1447, from L. educatus, pp. of educare "bring up, rear, educate," which is related to educere "bring out," from ex- "out" + ducere "to lead"
"educate." Online Etymology Dictionary. Douglas Harper, Historian. 28 Dec. 2008.
More John Dewey quotes:
The progress is not in the succession of studies but in the development of new attitudes towards, and new interests in, experience.
I believe finally, that education must be conceived as a continuing reconstruction of experience; that the process and the goal of education are one and the same thing.
I believe that the image is the great instrument of instruction. What a child gets out of any subject presented to him is simply the images which he himself forms with regard to it.

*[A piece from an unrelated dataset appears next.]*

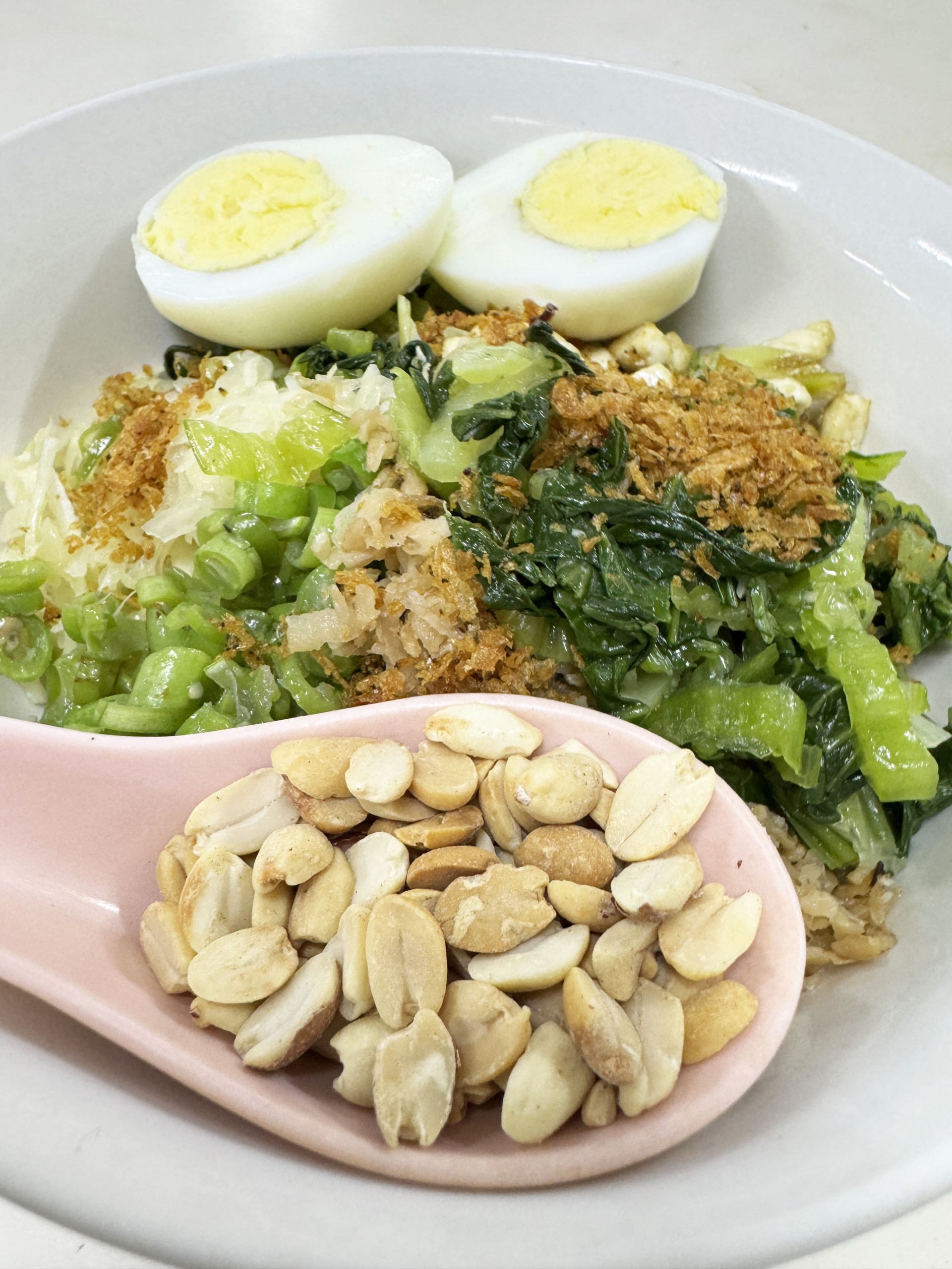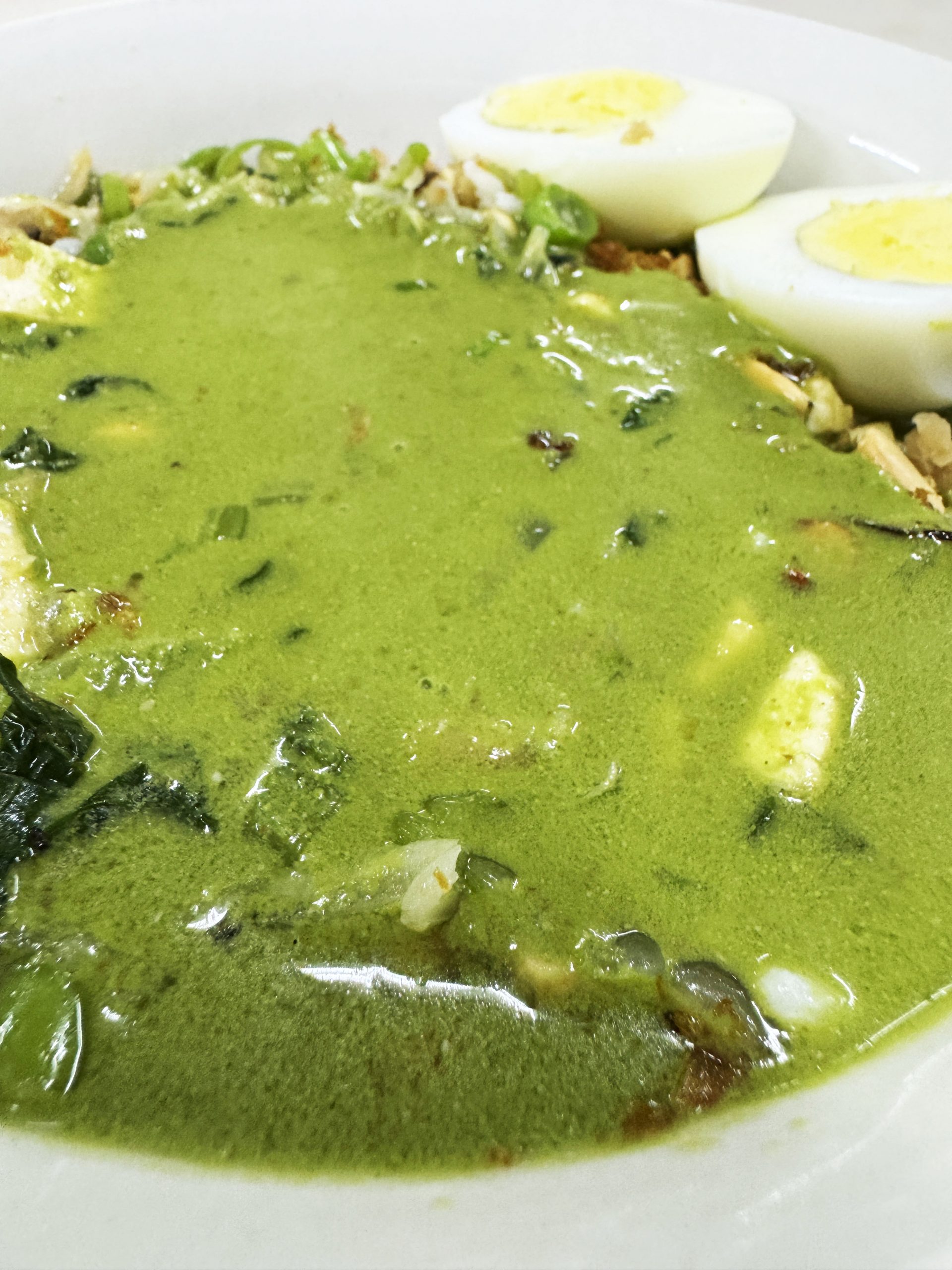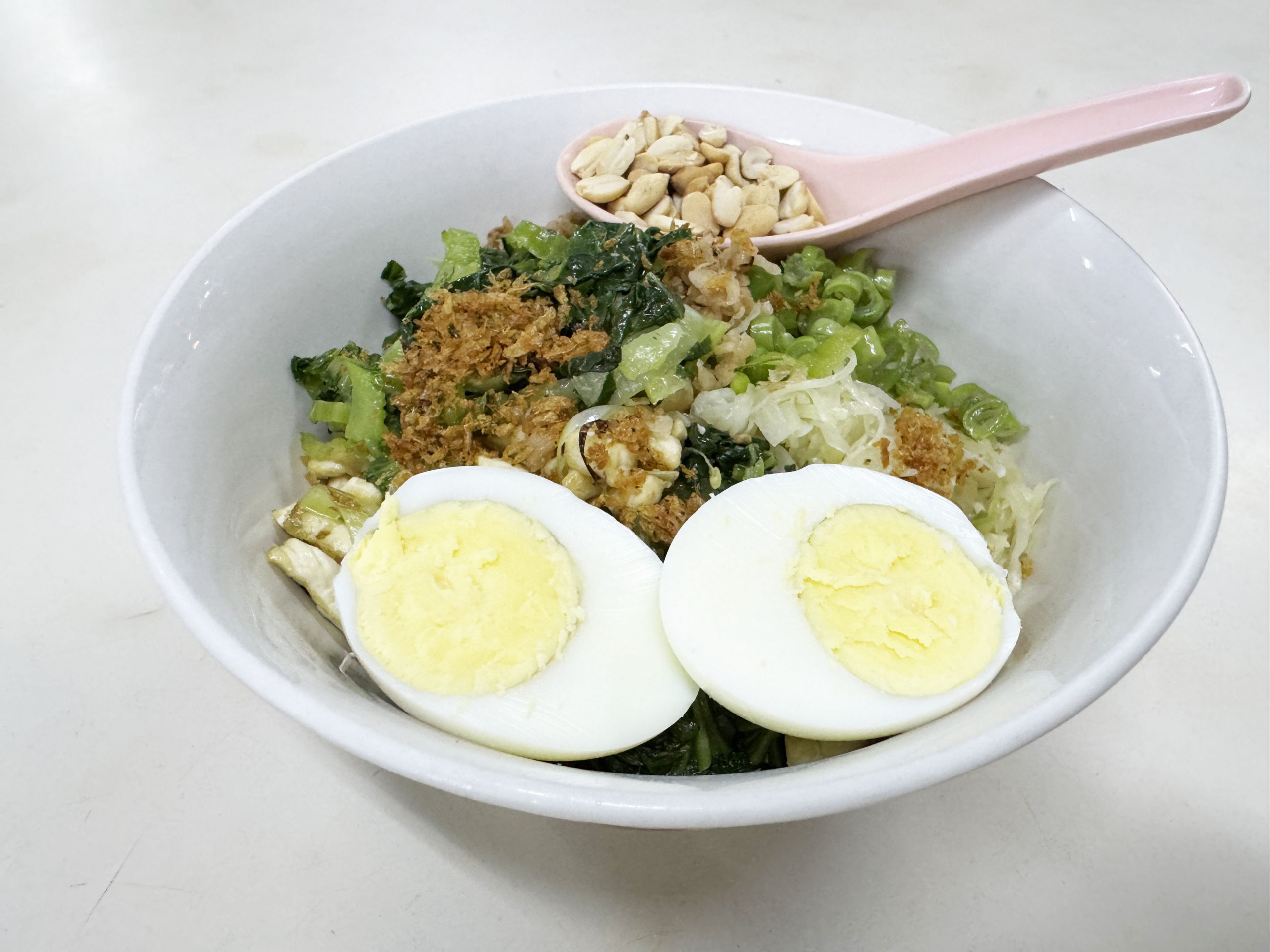 緑色の汁がかなり印象的な料理ですが、緑色の汁だけでは完成となりません。ピーナッツなどの穀物、葉野菜、大根、インゲン、玉子、フライドオニオンなどが入った丼に、緑色の汁をかけて完成です。

I believe that much of the time and attention now given to the preparation and presentation of lessons might be more wisely and profitably expended in training the child's power of imagery and in seeing to it that he was continually forming definite, vivid, and growing images of the various subjects with which he comes in contact in his experience.
Dewey, John (1897) 'My pedagogic creed', The School Journal, Volume LIV, Number 3 (January 16, 1897), pages 77-80. Also available in the informal education archives, http://www.infed.org/archives/e-texts/e-dew-pc.htm.
John Dewey Summary...the necessity for the teacher of understanding the students' past experiences in order to effectively design a sequence of liberating educational experiences to allow the person to fulfil their potential as a member of society.
* A note on reading:
How many kids today do you see actually reading a book and contemplating what they are thinking?
Much reading instruction today focuses on discrete skills, standardized test question practice, and assigned reading.
Where in that time do students practice deep thinking?
Where in that time do students think deeply about what matters to them?
Truly deep thinking occurs on issues that matter -- which brings us back to Dewey and the Socratic Questioning Method -- use the social interests and activities. Thinking is what kids are doing without us. We just don't see it yet, and may not like the results if we aren't part of it. Let's connect and consider, contemplate and collaborate, educate and engage with students.